Metadata-Version: 2.1
Name: decisiontree-to-sankey
Version: 0.1
Summary: A package to visualize decision trees as Sankey diagrams using Plotly.
Home-page: https://github.com/LukeADay/DecisionTree-to-Sankey
Author: Luke Day
Author-email: luke.alexander.day@gmail.com
Requires-Python: >=3.6
Description-Content-Type: text/markdown
License-File: LICENSE

# DecisionTree-to-Sankey :evergreen_tree: :leaves:

`DecisionTree-to-Sankey` is a Python library that visualizes decision trees (from scikit-learn) as interactive Sankey diagrams using Plotly. Decision trees are known for their interpretability, but large trees can become hard to read when plotted traditionally. This library presents decision trees as Sankey diagrams, where nodes can be dragged to adjust for overlapping labels, and conditions can be inspected interactively by hovering over the branches.

## Features

* Interactive Sankey Diagram: Visualize decision trees with adjustable nodes and hover-over conditions.
* Improved Readability: Handles overlapping labels by allowing users to drag nodes.
* Easy Integration: Use this tool with any decision tree created by `scikit-learn`.

## Installation

* **Option 1**: Installing via `pip` (if published to PyPI)
Once the package is published on PyPI, you can install it via `pip`:

```
pip install decisiontree-to-sankey
```

* **Option 2**: Manual Installation
Clone the repository and install the environment via conda:

1. Clone the repository:

```
git clone https://github.com/LukeADay/DecisionTree-to-Sankey.git
```

2. Create the conda environment:
```
conda env create -f environment.yml
```

3. Activate the environment

```
conda activate tree-sankey-visualizer
```

4. Install the package

```
pip install .
```

## Usage

### Example Code
After installing the library, you can import and use it as follows:

```
from decisiontree_to_sankey import DecisionTree_to_Sankey
from sklearn.tree import DecisionTreeClassifier
import pandas as pd

# Sample data
data = pd.DataFrame({
    'Feature1': [1, 2, 3, 4],
    'Feature2': [5, 6, 7, 8]
})
target = [0, 1, 0, 1]

# Train a decision tree
clf = DecisionTreeClassifier()
clf.fit(data, target)

# Create and visualize the Sankey diagram
dt_sankey = DecisionTree_to_Sankey(clf, data)
dt_sankey.create_sankey()  # Displays the interactive Sankey diagram
```

**Warning** check the complexity of the tree before plotting. A tree that is too complex will not work - this requires judgement. See the complexity of the trained model:

```
try:
    n_leaves = regressor.get_n_leaves()
    depth = regressor.get_depth()
    print(f"Regressor is trained with {n_leaves} leaves and depth {depth}.")
except AttributeError:
    print("The regressor is not trained (empty).")
```

### Output Example

The following is an example of the Sankey diagram output. Nodes overlap initially, but the interactive version allows you to drag nodes around for better readability:

![Sankey Diagram](examples/sankey_diagram.png)

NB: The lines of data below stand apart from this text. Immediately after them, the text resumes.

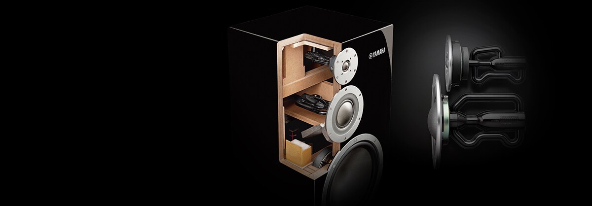 Aided by laser-scanning measurement and state-of-the-art FEM analysis, we developed a unique enclosure structure that effectively controls “box ringing” to a degree undetectable by human ears. Inside the enclosure, we installed proprietary reinforcing bars designed by simulating with pinpoint precision the way sound from the speaker units is transmitted to and emitted from the six surfaces of the enclosure. These reinforcing bars play an important role in perfectly synchronising the timing of acoustic resonances generated by the enclosure, which helps reproduce the natural acoustic vibrancy with amazing purity and clarity — offering a listener with an unprecedented level of immersive audio experience.
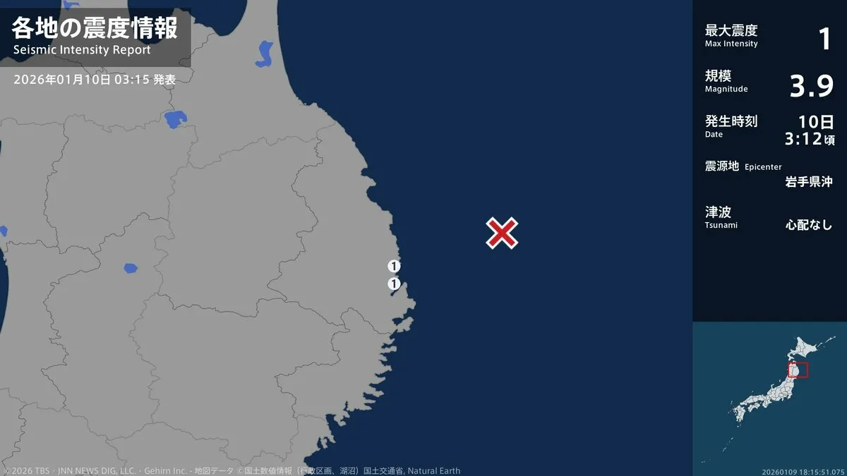 気象庁によりますと、震源地は岩手県沖で、震源の深さはおよそ40km、地震の規模を示すマグニチュードは3.9と推定されます。
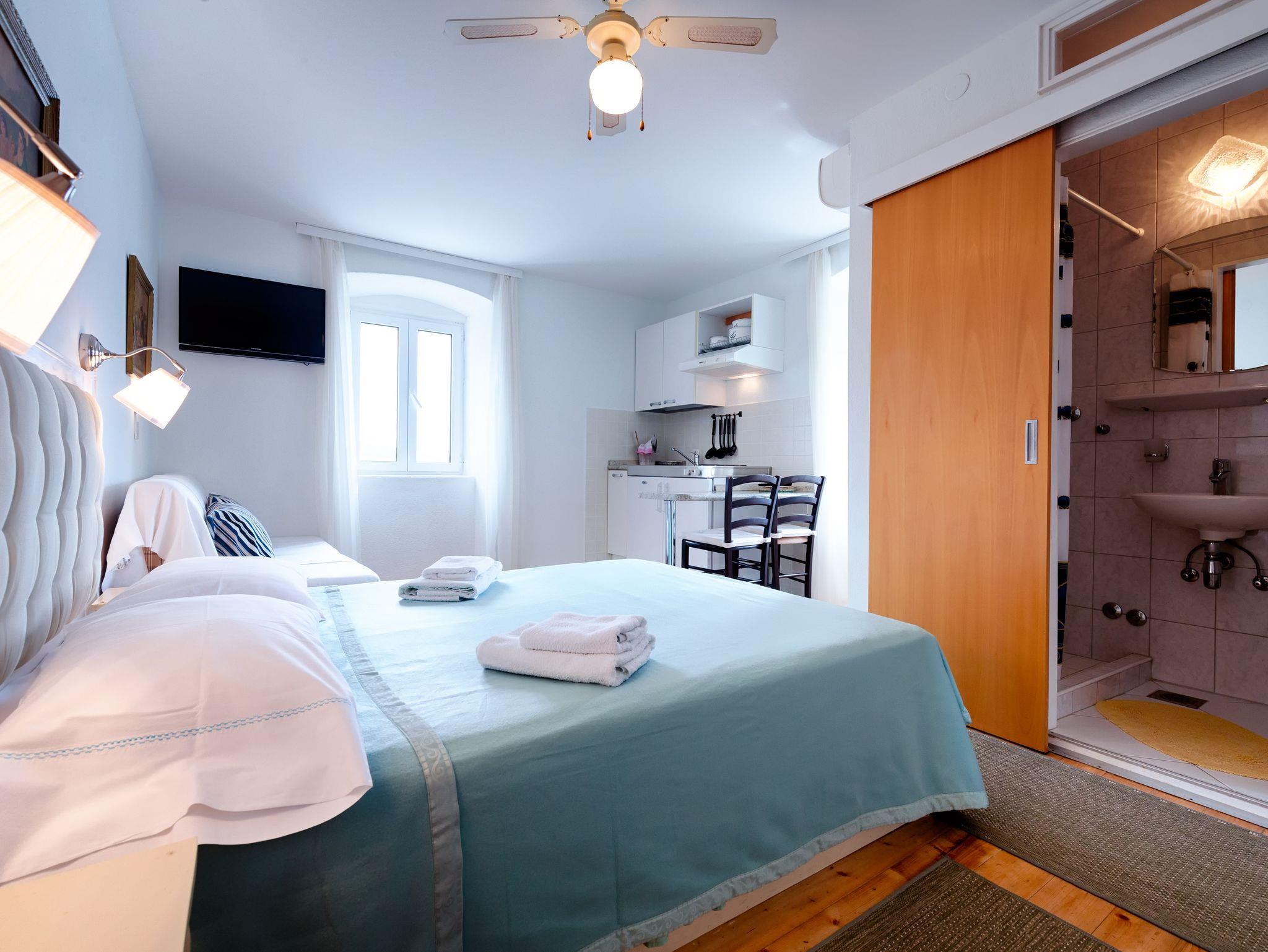 Studio bietet Platz für 3 Gäste. Die Betten sind in Schlafzimmern, die es 1 gibt, innerhalb einer Gesamtfläche von 19m2, angeordnet. Das Studio-Apartment bietet Meerblick. In der Unterkunftseinheit besteht die Möglichkeit des Mitbringens von Haustieren gegen Aufpreis. Die reservierte Unterkunftseinheit verfügt über einen gemeinsamen Balkon. Die reservierte Unterkunftseinheit verfügt über einen gemeinsame Terrasse. IM PREIS INBEGRIFFEN: Kurtaxe, Endreinigung, Klimatisierung, Internet, Bügeleisen, Bügelbrett, Föhn. VERBINDLICHE ZUSÄTZLICHE KOSTEN: Aufzahlung für Kurzaufenthalte (prozentualer Zuschlag pro Nächtigungsanzahl: 30% - 1, 20% - 2, 10% - 3). UNVERBINDLICHE ZUSÄTZLICHE KOSTEN: Haustiere (3,00 € pro Nacht). Die Verfügbarkeit zusätzlicher Dienstleistungen in Ihrem reservierten Termin und die Preise derselben (falls nicht aufgeführt) müssen im Voraus überprüft werden. Zusätzliche Dienstleistungen die in der Zahlungsaufforderung nicht aufgeführt sind werden direkt beim Vermieter bezahlt, angenommen der Gast nutzt auch diese.
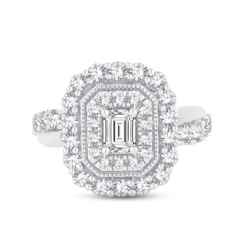 This captivating engagement ring showcases a dazzling 2/5-carat emerald-cut diamond. A double-halo of brilliant round diamonds surrounds the center, and additional round diamonds shimmer along the twisting band. Styled in lustrous 14K white gold with a rhodium finish, the ring has a total diamond weight of 1 1/2 carats. From the Now and Forever® bridal collection.
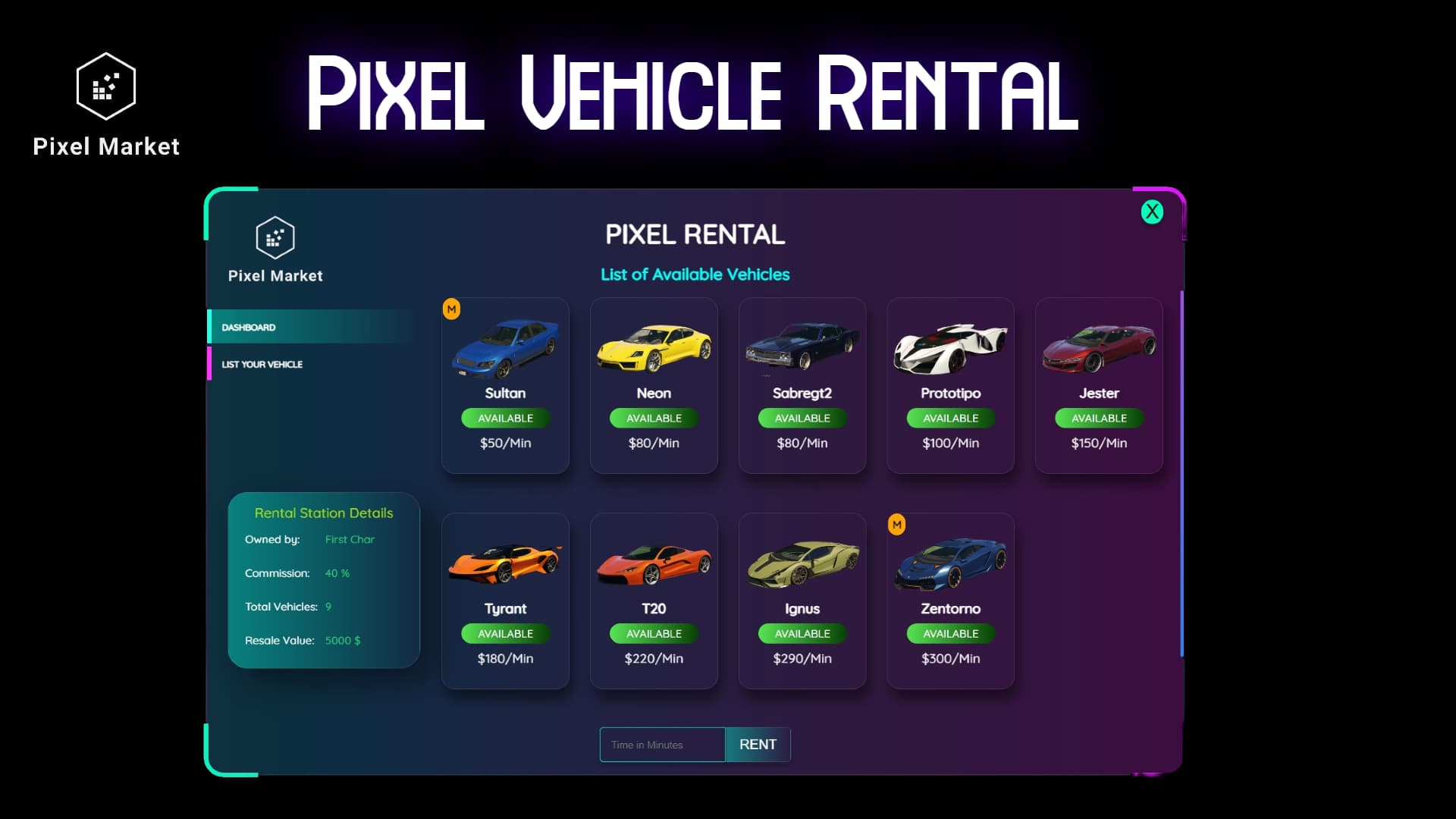 Detailed Pixel Vehicle Rental Preview:
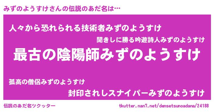 | 意味不明あだ名 | 『みずのようすけフォーエバー』 |
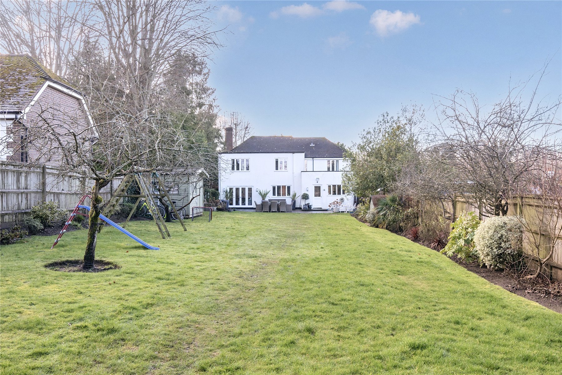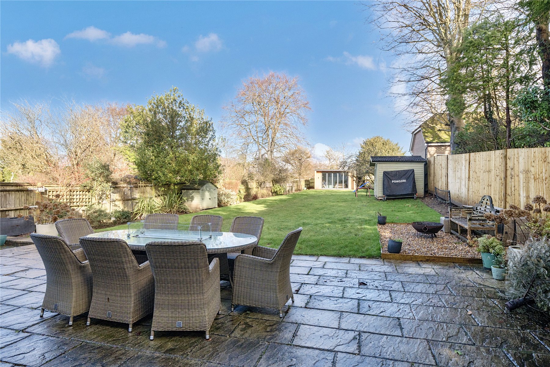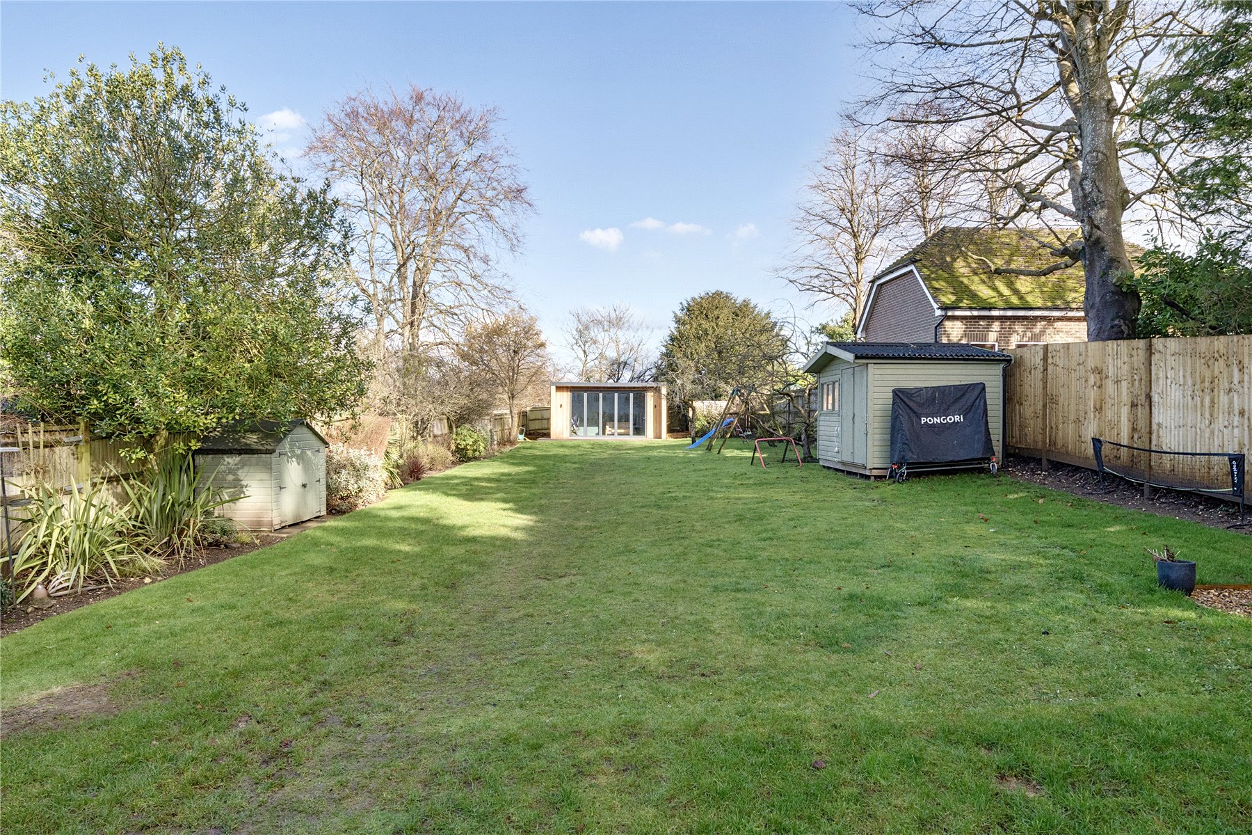 The exterior of Fairlawn is equally impressive, occupying a generous plot of approximately 0.24 of an acre. To the front, a substantial block-paved driveway provides parking for several vehicles, setting a smart and practical first impression. Side access on both sides of the property leads through to the rear, where a spacious patio creates an ideal space for outdoor dining and entertaining, opening onto a garden that is predominantly laid to lawn. Since purchasing the property, the current owners have introduced a striking bespoke garden cabin, fully wired and thoughtfully designed to offer excellent flexibility as a home office, studio or gym, with the added potential for future plumbing. A decked seating area complements the cabin beautifully, providing a relaxed spot to enjoy the garden. At the far end of the plot, a gated access leads directly onto the Downs, offering immediate enjoyment of countryside walks straight from the garden, without the need to get in the car.Overall, this is a fantastic family home that combines contemporary living with excellent flexibility for the future, ideally positioned for those wanting to enjoy the convenience of Guildford while remaining close to Merrow's local amenities and the area's highly regarded state and private schools.
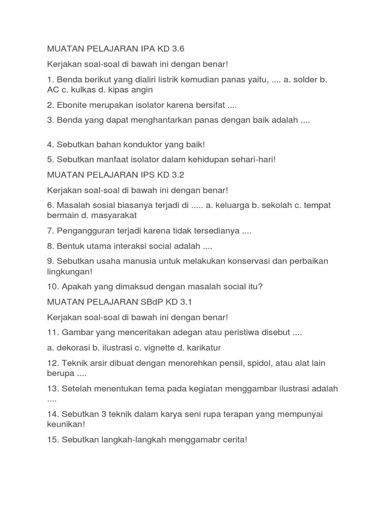 Jumlah soal ada 60. Soal UTS IPA kelas 6 SDMI 40 Contoh Soal UTS IPA kelas 6 SDMI dan Kunci Jawaban - Bagi Adik adik dimana saja berada yang ingin sekali mempelajari Soal UTS IPA kelas 6 SDMI ini adik adik bisa menguduh materi ini di bospedia dalam bentuk file doc. Soal Ujian Sekolah Bahasa Indonesia SD MI berjumlah 45 butir soal dengan rincian 40 butir soal Pilihan Ganda dan 5 butir Soal Uraian.

See `sankey_diagram.html` for an interactive version.

## Repository Structure

```
├── LICENSE
├── README.md
├── conda_requirements.txt
├── environment.yml
├── examples
│   ├── __init__.py
│   ├── penguine_dataset_example.ipynb
│   ├── penguine_dataset_example.py
│   ├── sankey_diagram.html
│   └── sankey_diagram.png
├── requirements.txt
├── setup.py
├── src
│   ├── DecisionTree_To_Sankey.py
│   ├── __init__.py
│   └── __pycache__
│       ├── DecisionTree_To_Sankey.cpython-310.pyc
│       └── __init__.cpython-310.pyc
└── tests
    ├── __pycache__
    │   └── test_decisiontree_to_sankey.cpython-310.pyc
    └── test_decisiontree_to_sankey.py
```

* The src/decisiontree_to_sankey module contains the core `DecisionTree_to_Sankey class`.
* Examples of how to use the library are available in the examples/ folder.
* Unit tests are provided in the `tests/` folder.

## License
This project is licensed under the MIT License - see the `LICENSE` file for details.